Heath was detained until 9.45 p.m. that evening, when Detective Inspector George Gates of the Hampshire police arrived. After a few minutes with his suspect, Gates said: “I am satisfied that you are Neville George Clevely Heath and I am going to detain you pending the arrival of officers of the Metropolitan Police.”
“Oh, all right,” Heath muttered, apparently unconcerned. He was more worried about being cold than he was about the police, and asked if he could fetch his sports coat from his room at the Tollard Royal. Gates went personally to collect the jacket and, in one pocket, he found a left luggage receipt issued at Bournemouth West railway station. In the order pocket he found the return half of a first-class ticket from Waterloo to Bournemouth – a ticket that later proved to have been issued to Doreen Marshall.
Gates went to Bournemouth West station and redeemed Heath’s suitcase from the cloakroom. It contained a few items of clothing, a blood-stained scarf and a leather riding whip with a diamond-pattern weave, the very whip which Dr Keith Simpson had predicted would be the killer’s undoing.
The following morning, Neville Heath appeared in West London Magistrates Court and was charged with the murder of Margery Gardner.
Within hours of Heath’s London court appearance, a woman’s body was discovered in a clump of rhododendron bushes at Branksome Chine, Bournemouth. Naked except for her left shoe, the woman was covered with a pile of her own clothing. She had been dead for some days. Her throat had been cut and there were bruises on the head. Her right nipple had been bitten off and there were jagged cuts the length of her torso. Her hands were also cut in such a way as to suggest that she had tried to fight off her assailant.
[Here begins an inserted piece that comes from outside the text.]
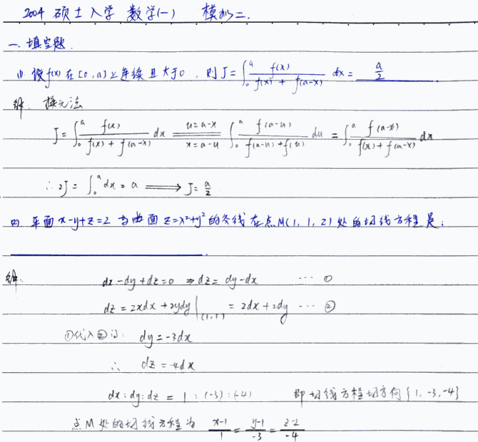 2004年合肥工业大学冲刺辅导模拟试卷数学一试题模拟二详细答案

The search for Doreen Marshall was over.
In 1946, English law dictated that a person could only be tried for one murder at a time. So although Heath had been charged with both killings, the Crown decided to proceed with the stronger of the two cases, the murder of Margery Gardner.
When the trial opened on 24 September 1946, the case against Neville Heath was so overwhelming that the defence pinned all their hopes of cheating the gallows on proving their client insane. Heath’s barrister produced an expert witness, Dr William Henry Hubert, who had diagnosed Heath as being periodically insane. Anthony Hawke for the prosecution, however, anticipating this line of defence, had experts of his own. Dr Hugh Grierson, Senior Medical Officer at Brixton Prison, took the stand and testified that, in his opinion, Heath was a sadist but sane. His view was endorsed by Dr Hubert Young, Senior Medical Officer at Wormwood Scrubs.
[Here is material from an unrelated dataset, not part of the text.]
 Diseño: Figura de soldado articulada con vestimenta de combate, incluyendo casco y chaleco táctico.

Convincing medical evidence
On balance, the argument presented by the two prison doctors proved the more convincing, and it took the jury less than an hour to reach their ‘guilty’ verdict.
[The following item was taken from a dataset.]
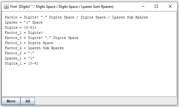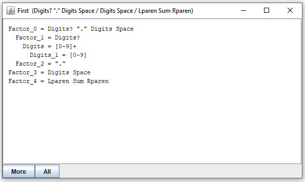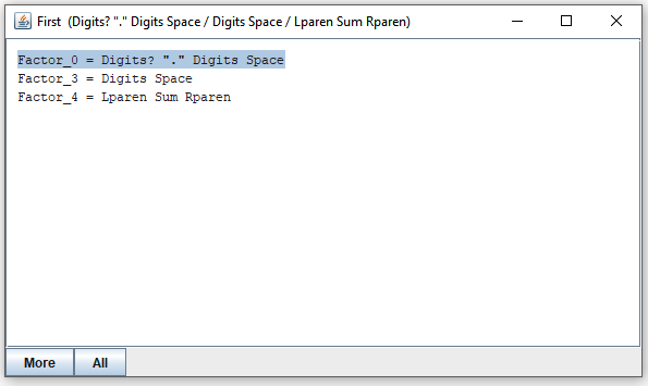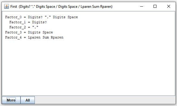 Suppose you have selected "Factor". By clicking on the "First" button, you open a new window that shows the expressions that "Factor" may call to consume the first portion of its input: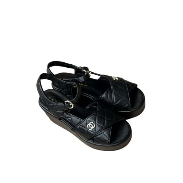 Chanel Sandal Pump Stone Beads Black Silver G45365 B15306 Nu665

On the morning of 16 October, huge crowds gathered outside Pentonville Prison. Inside, Neville Heath sat calmly in his cell and, when the public executioner Albert Pierrepoint arrived, Heath was reported to have said: “Come on boys, let’s get on with it.” Later, when offered the traditional glass of whisky to steady his nerves, he joked: “While you’re about it, you might make that a double.”